* _YOUR OBJECTIVE_
Up to and including the line that contains "しなやかな喰い込みの良いソリ", repeat the entries below exactly from the first line on. Do not carry over any pictures.

START STORED DATA

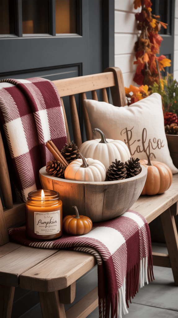- Fall: A plaid blanket, a bowl of pinecones, and a pumpkin-scented candle.
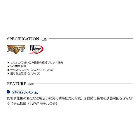 しなやかな喰い込みの良いソリッド穂先を採用し、軽量で扱い易い操作性を持っています。
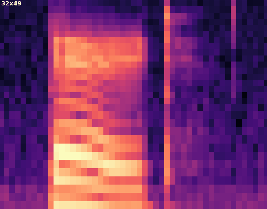 The following video shows a 1s audio sample being processed in increments of 400ms. So the ML model "sees" the same audio sample shifted by 400ms. 400ms is the simulated amount of time it takes the embedded device to generate the spectrogram and process it in the ML model. In this case, there are few predictions in the running average giving low confidence of a keyword detection.
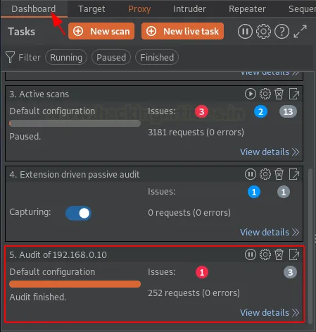 Щойно ми це зробимо, завдання з аудиту з’явиться у списку на вкладці «Dashboard».
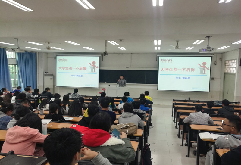 2017年12月18日下午,厦门大学软件学院2011届本科生毕业生聚英教育集团副总裁黄起星院友应邀在海韵学生公寓201教室为2017级本科生新生做专题演讲,分享大学故事,讲述成长经历,传授经验,指点迷津,引导大一新同学做好生涯规划,不负美好年华。
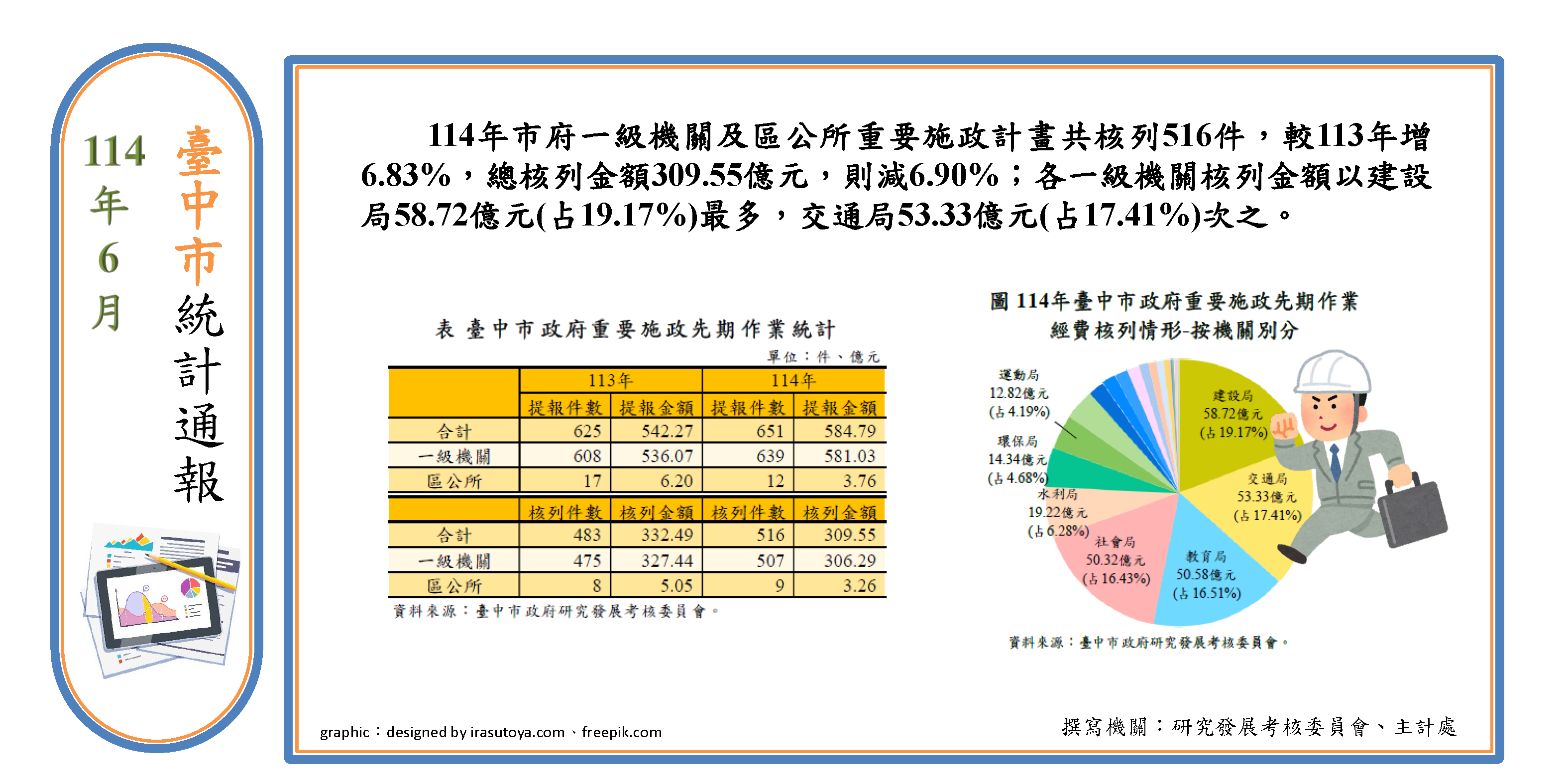 臺中市統計通報廣告圖(1140610) 本市114年6月統計通報「重要施政先期審議統計」公告,如需更多相關資訊可至主計處首頁 > 統計業務 > 公務統計 > 公務統計分析、通報 > 臺中市統計通報 查詢。

END STORED DATA

* _RESULT FOR THIS EXERCISE_
- Fall: A plaid blanket, a bowl of pinecones, and a pumpkin-scented candle.
 しなやかな喰い込みの良いソリッド穂先を採用し、軽量で扱い易い操作性を持っています。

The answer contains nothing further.